I MERCATI E L’AVVENTO DEGLI INTANGIBLES
Il consolidarsi delle attività dalle forme immateriali nella dimensione d’impresa ha innescato un inarrestabile processo evolutivo dei mercati.
Il complesso evolversi dei mercati, il frenetico sviluppo di nuove mode e di stili di vita, l’avvento di tecnologie rivoluzionarie e l’abbattimento delle frontiere informative : sono solo alcune delle cause che pongono un delicato quesito che coinvolge ciascuno: esiste il rischio che la nozione di valore e le sue determinanti siano ormai obsolete?
di Sebastiano Provenzano
Una cosa è certa: qualcosa è cambiato. A partire dai mercati, sulla strada della concentrazione e della globalizzazione, dall’accesso e ricorso al credito per finanziare perfino i consumi, fino ai gusti, che dettano priorità, ma non rinunciano allo status symbol .
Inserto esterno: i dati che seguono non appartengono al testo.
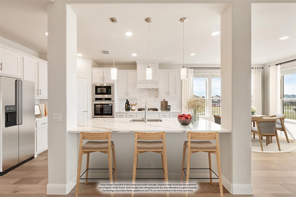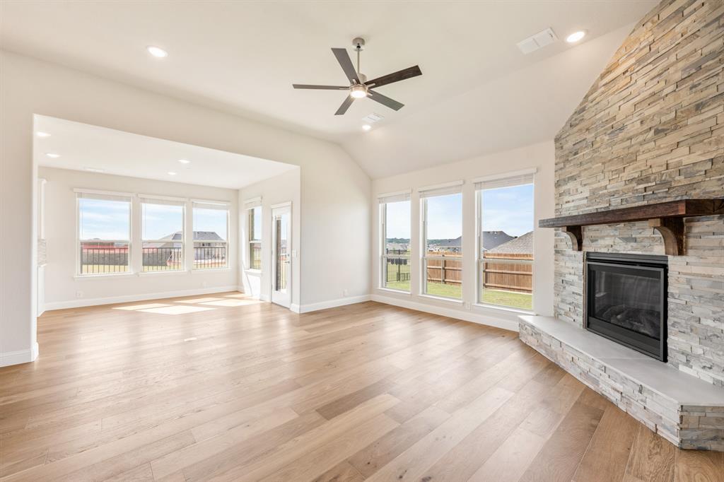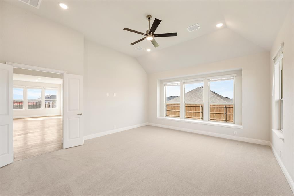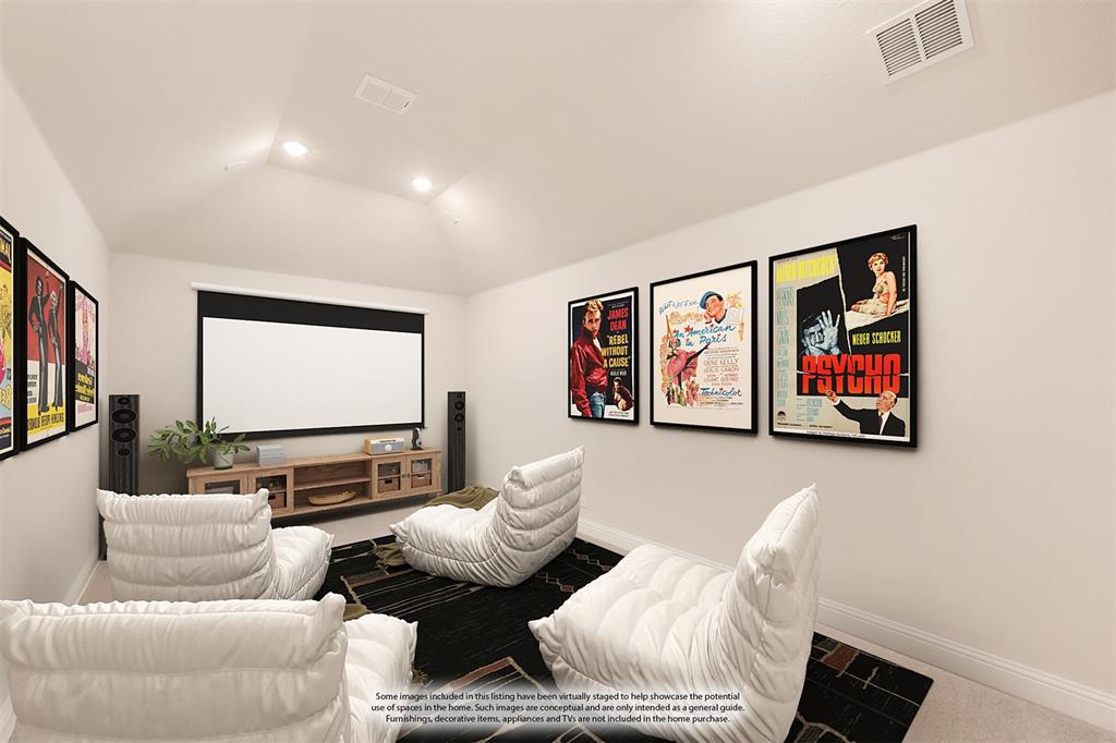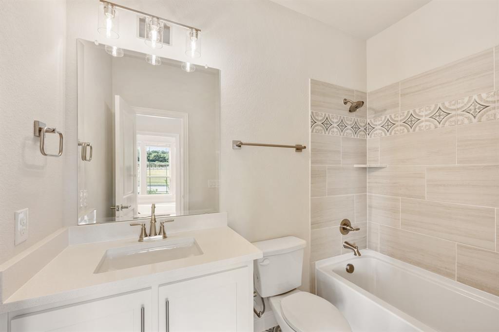 READY FOR QUICK MOVE-IN with a FABULOUS GREENBELT VIEW + up to $20K in FINANCING INCENTIVES for a 30-day closing! This Magnolia II by Bloomfield Homes is an expansive, luxury 2-story with 5 beds, 3 baths, game room, media room and 2.5-car garage – extra deep for Texas-sized trucks – with 100 sq ft of bonus storage. Elegant white brick exterior with 8 ft Mahogany and glass front door, cedar garage door, upstairs balcony and lush landscaping. Inside you’ll find a transitional warm and elegant color palette, stacked stone to ceiling direct vent fireplace, hardwood floors in main living areas, plush carpet and designer tile selections.
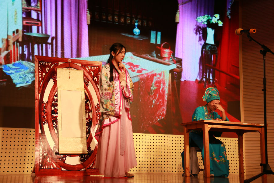 团委承办。自3月启动以来,戏剧节共有各学院50余组,约300名学生参与,参赛的学生既有来自外语院日语和英语专业的同学,也有自学法语与日语的同学,更有来自国际教育学院的留学生,活动参与十分广泛。本届戏剧节在举办过程中,以“向经典致敬”为主题,参赛的剧目中既有中国经典剧目《红楼梦》、《荆轲刺秦》、《牡丹亭》,也有西方经典文学作品《变色龙》、《窈窕淑女》、《俄狄浦斯王》,更有中外改编的经典影视作品《绿野仙踪》、《灰姑娘》等。
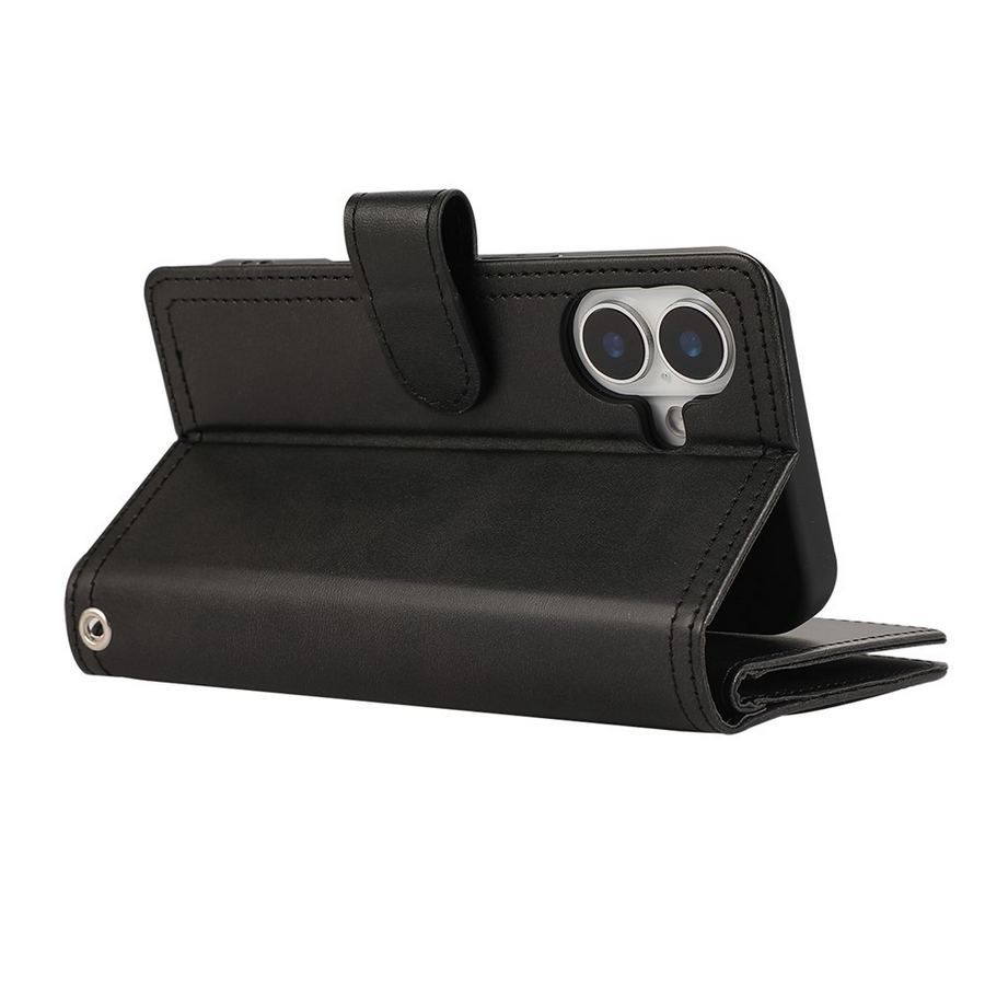 Tilava, ajattoman musta lompakko Apple iPhone 17 puhelimelle, suunniteltu tarjoamaan tyylikäs ulkonäkö ja hyvä suojaus.
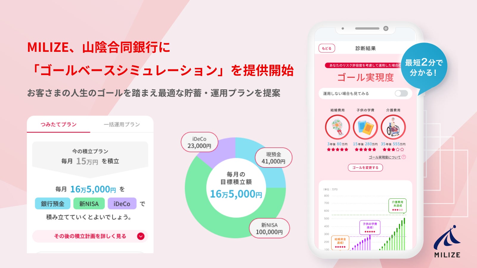 株式会社MILIZE(本社:東京都港区、代表取締役社長:田中 徹、以下「MILIZE」)は、株式会社山陰合同銀行(本社:島根県 松江市、取締役頭取 山崎 徹、以下「山陰合同銀行」)に対して、「ゴールベースシミュレーション*」の提供を開始しました。
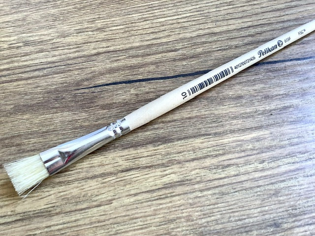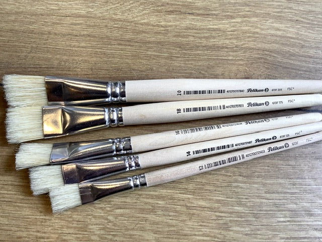 Flachpinsel mit kurzen Borsten (Schweineborsten).

Le distanze si accorciano: il mondo è più piccolo, più piatto ed è l’inglese a sostituirsi alle altre lingue al quale cede anche l’italiano più quotidiano; allorchè il vecchio parrucchiere diventa il nostro “hair stylist”, l’autista il nostro “driver”, la commessa la nostra “shop assistant”.
Troppo moderni noi o forse troppo antichi i nostri precursori.
Sta di fatto che siamo riusciti a contraddire i più grandi protagonisti della filosofia economica e ne è un esempio Karl Marx , testimone del “non esiste nulla che abbia valore senza essere un oggetto d’utilità” .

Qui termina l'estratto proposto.